The first generation Hadoop called Hadoop_v1 was an open source of MapReduce (Bialecki et al., 2005). It has a centralised component called JobTracker that plays the role of both resource management and task scheduling. Another centralized component is the NameNode which is the file metadata server for HDFS that stores application data (Shvachko et al., 2010). With Hadoop_v1, scalability beyond 4000 nodes was not possible with the centralized responsibility of JobTracker/TaskTracker architecture. To overcome this bottleneck and to promote this programming framework so that it carries other standard programming models and not just implementation of MapReduce, the Apache Hadoop Community developed the next generation Hadoop called YARN (Yet Another Resource Negotiator). This newer version of Hadoop called YARN decouples resource management infrastructure from JobTracker in Hadoop_v1. Hadoop YARN introduced a centralized Resource Manager (RM) that monitors and allocates resources. Each application also delegates a centralized per-application master (AM) to schedule tasks to resource containers managed by Node Manager (NM) on each compute node (Wang, 2015). The HDFS and its centralized metadata management remains the same on this newer programming model (Wang, 2015). Improvement made on Hadoop_v1 (by decoupling the resource management infrastructure) enables YARN to run many application frameworks like MapReduce, Message Passing Interface (MPI), interactive applications and scientific workflows. This eases the resource sharing of the Hadoop cluster.

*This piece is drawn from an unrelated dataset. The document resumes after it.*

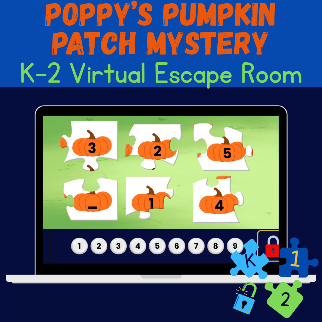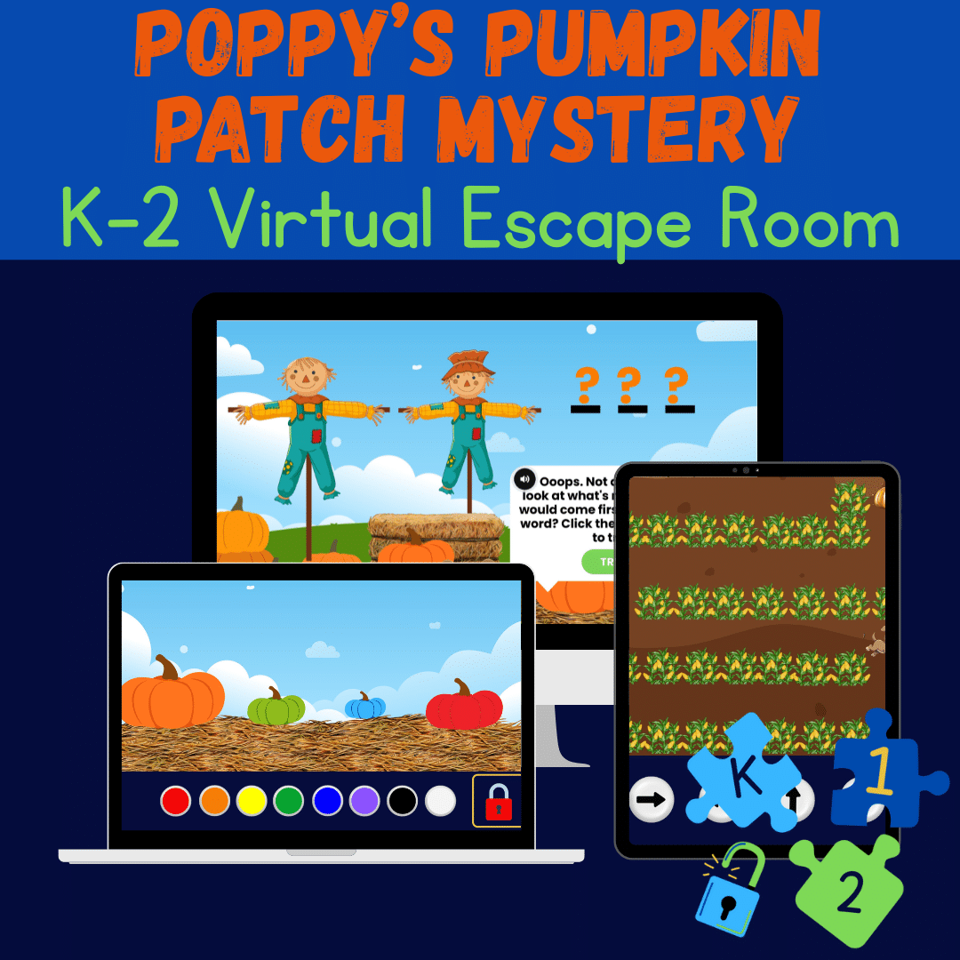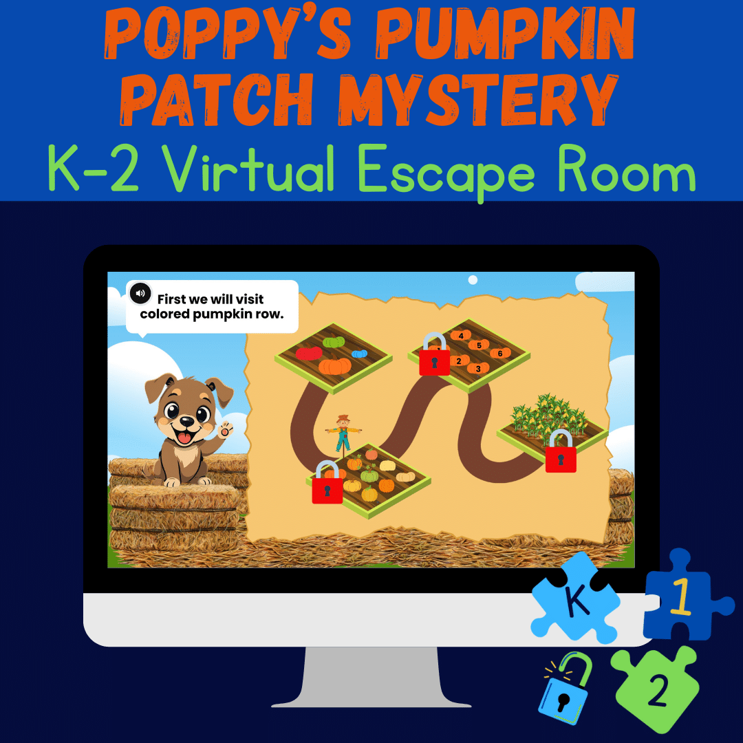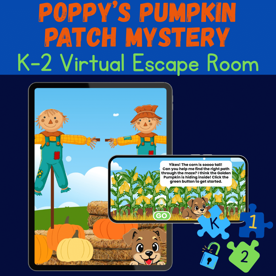 In this interactive, kid-friendly virtual escape room, students will join Poppy the Puppy on a fall-tastic adventure through the pumpkin patch to find the missing Golden Pumpkin! Along the way, they’ll solve logic puzzles, sort colorful gourds, and navigate a corn maze—all designed with early elementary learners in mind. Perfect for fall fun in K–2 classrooms or at home!
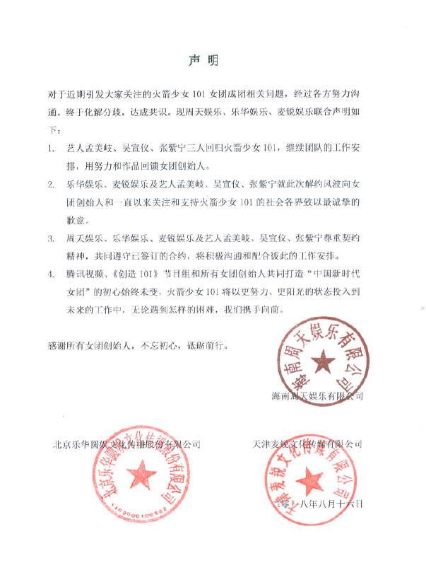 如今,事态的发展果如预料的一般(呃,可以说是马后炮),乐华、麦锐、周天(火箭少女101运营公司)三方终于达成共识,最终孟美岐、吴宣仪、张紫宁回归火箭少女101女团。说句题外话,孟美岐、吴宣仪在宇宙少女和火箭少女两者并行,孟美岐和吴宣仪在国内火成这样,回到宇宙少女估计人气和地位今非昔比了。

With the scheduler separated from RM and the implementation of per-application master (AM), Hadoop has achieved an unprecedented scalability. However, there are inevitable design issues that are preventing Hadoop from scaling to extreme scales. These issues are in the centralized paradigm in the implementation of some components in YARN framework. This research work therefore, seeks to develop a model solution

that will decentralize the responsibilities of resource manager for scalable resource management in YARN.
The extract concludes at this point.